Activity: Restate exactly the lines that run from the start of the records below to the line containing "山車に提灯の明かりがともると、祭りの興奮も最高潮に", counting both ends, and nothing else; pictures stay out.

Extracted records:
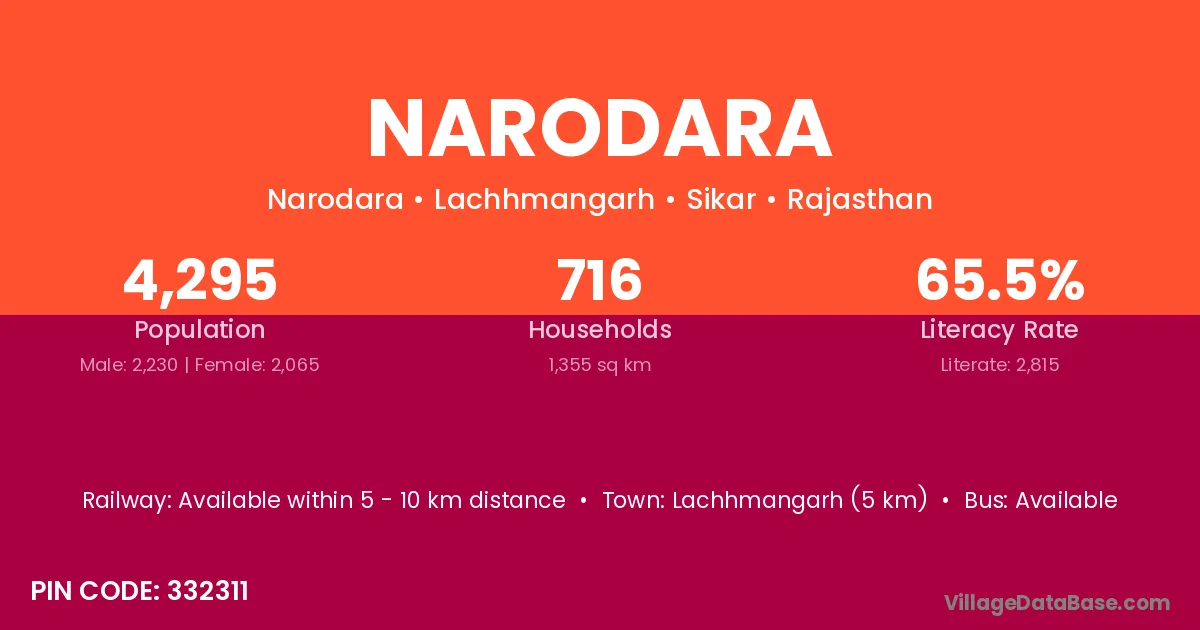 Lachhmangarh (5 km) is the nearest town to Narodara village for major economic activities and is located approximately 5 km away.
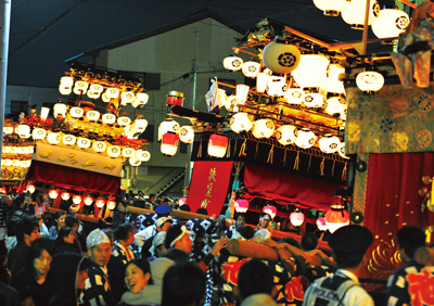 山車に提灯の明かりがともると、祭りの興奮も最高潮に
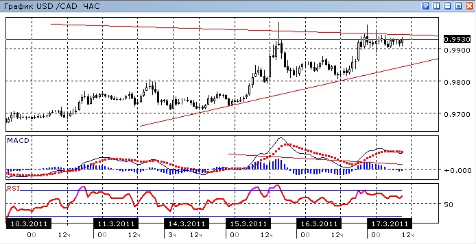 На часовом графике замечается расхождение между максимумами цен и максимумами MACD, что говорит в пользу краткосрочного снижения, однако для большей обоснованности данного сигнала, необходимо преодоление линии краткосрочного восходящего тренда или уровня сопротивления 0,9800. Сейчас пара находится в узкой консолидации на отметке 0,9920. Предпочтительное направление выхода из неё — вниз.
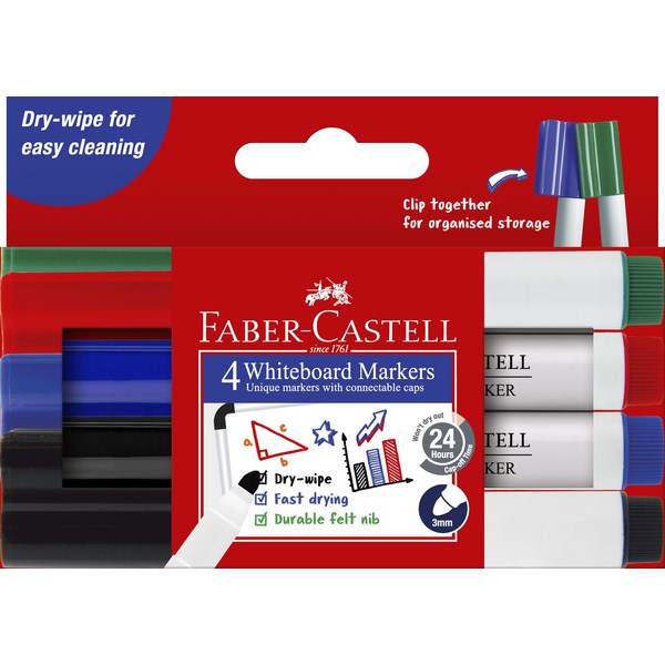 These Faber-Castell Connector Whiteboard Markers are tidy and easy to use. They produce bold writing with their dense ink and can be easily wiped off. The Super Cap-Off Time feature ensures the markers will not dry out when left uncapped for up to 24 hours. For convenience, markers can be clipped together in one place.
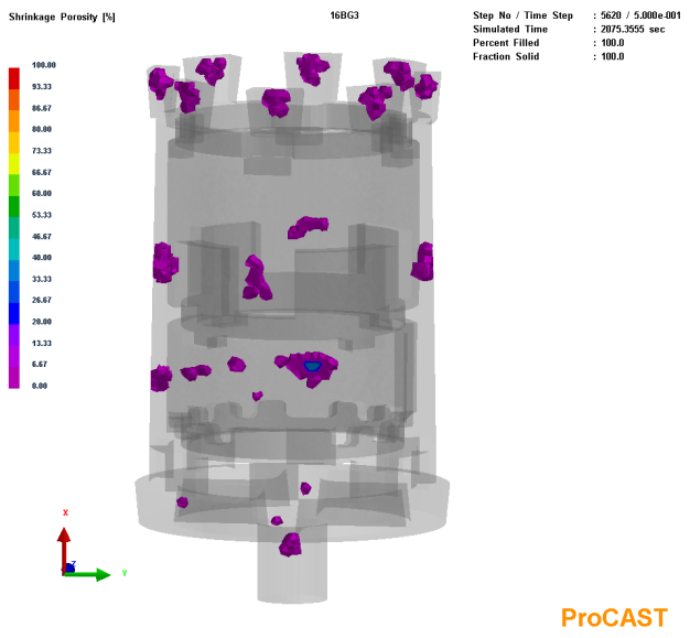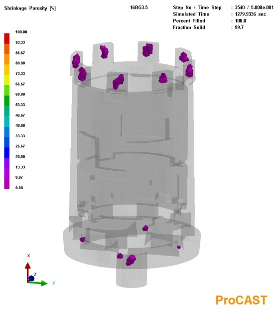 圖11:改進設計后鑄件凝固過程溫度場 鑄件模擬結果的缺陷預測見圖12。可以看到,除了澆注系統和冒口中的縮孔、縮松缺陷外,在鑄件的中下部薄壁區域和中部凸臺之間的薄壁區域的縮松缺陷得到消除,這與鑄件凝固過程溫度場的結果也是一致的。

Response below:
 Lachhmangarh (5 km) is the nearest town to Narodara village for major economic activities and is located approximately 5 km away.
 山車に提灯の明かりがともると、祭りの興奮も最高潮に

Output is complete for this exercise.